The discriminant helps us identify the type of conic section represented by a quadratic equation in the general form: \( Ax^2 + Bxy + Cy^2 + Dx + Ey + F = 0 \). It tells us whether the graph is a parabola, ellipse, or hyperbola.

Here is how it works:

• Calculate the discriminant using the formula \( B^2 - 4AC \).
• If the discriminant equals zero, the conic section is a **parabola**.
• A positive discriminant indicates a **hyperbola**.
• A negative discriminant means you've got an **ellipse**.

For the equation \( x^{2}+2xy+y^{2}+x-y=0 \), we identified \( A = 1 \), \( B = 2 \), and \( C = 1 \). The calculation \( B^2 - 4AC = 0 \) confirmed that our conic is a parabola. It’s as simple as checking a few coefficients!

Sometimes, equations of conic sections include an \( xy \)-term, making them harder to interpret or sketch directly. We can simplify this using rotation of axes, removing the \( xy \)-term from the equation. This is an essential technique for clearer visualization.

Here’s a closer look:

• Use the rotation formulas: \[ x = x' \cos \theta - y' \sin \theta \] \[ y = x' \sin \theta + y' \cos \theta \] for transforming coordinates.
• Find the rotation angle \( \theta \) by solving \[ \cot 2\theta = \frac{A - C}{B} \].
• For our example, \( \cot 2\theta = 0 \) simplifies to \( \theta = 45^\circ \).

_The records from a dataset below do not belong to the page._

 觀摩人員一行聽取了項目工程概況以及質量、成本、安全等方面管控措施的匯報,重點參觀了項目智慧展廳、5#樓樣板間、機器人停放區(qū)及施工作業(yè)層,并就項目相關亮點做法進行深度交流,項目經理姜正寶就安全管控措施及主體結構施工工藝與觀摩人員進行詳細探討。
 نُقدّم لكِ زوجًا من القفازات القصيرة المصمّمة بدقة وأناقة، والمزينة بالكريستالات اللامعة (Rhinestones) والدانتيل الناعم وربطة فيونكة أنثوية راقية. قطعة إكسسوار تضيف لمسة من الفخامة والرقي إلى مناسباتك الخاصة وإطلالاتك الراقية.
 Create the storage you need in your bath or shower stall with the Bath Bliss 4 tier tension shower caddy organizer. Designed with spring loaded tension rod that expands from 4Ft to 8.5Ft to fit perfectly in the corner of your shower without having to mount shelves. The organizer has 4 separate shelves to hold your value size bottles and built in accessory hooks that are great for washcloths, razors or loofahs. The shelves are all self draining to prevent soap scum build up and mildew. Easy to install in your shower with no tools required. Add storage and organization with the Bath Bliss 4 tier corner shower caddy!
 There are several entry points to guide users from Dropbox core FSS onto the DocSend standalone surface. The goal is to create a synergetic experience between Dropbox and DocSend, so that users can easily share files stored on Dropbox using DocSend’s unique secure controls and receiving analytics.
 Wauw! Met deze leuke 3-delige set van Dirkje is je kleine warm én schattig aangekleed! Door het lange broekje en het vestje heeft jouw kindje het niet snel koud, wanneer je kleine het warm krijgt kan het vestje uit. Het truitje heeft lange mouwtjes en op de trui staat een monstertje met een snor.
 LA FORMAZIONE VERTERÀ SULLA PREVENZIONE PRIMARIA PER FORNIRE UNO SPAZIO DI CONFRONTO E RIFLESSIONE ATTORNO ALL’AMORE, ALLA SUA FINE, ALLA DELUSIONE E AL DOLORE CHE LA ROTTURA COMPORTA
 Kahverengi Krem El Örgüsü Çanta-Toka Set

By substituting these rotations back into the equation, the \( xy \)-term disappears, which simplifies analysis and sketching of the conic. While the math can be detailed, the outcome is a cleaner form of the equation.

The parabola is one of the most fascinating conic sections, characterized by its U-shape. In mathematical terms, a parabola can be represented by equations that resemble \( Ax^2 + Bxy + Cy^2 + Dx + Ey + F = 0 \) where the discriminant is zero.

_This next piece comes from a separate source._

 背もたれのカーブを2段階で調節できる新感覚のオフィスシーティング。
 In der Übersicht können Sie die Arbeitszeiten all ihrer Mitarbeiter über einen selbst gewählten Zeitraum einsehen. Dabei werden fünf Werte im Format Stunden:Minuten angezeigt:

Key features of a parabola include:

• It has a single axis of symmetry, running through its vertex.
• The vertex is the point where the parabola turns or the 'bottom' or 'top' of the U-shape.
• Parabolas open upwards, downwards, left, or right depending on the orientation.

In our specific example, the rotated graph helps reveal the parabola's orientation and makes it easier to sketch. The axis of symmetry is crucial for graphing, and software tools or further mathematical analysis might be needed to find exact positions or dimensions if the algebra becomes cumbersome. Remember, a parabola can model various real-world phenomena, such as projectile paths and certain kinds of reflective surfaces!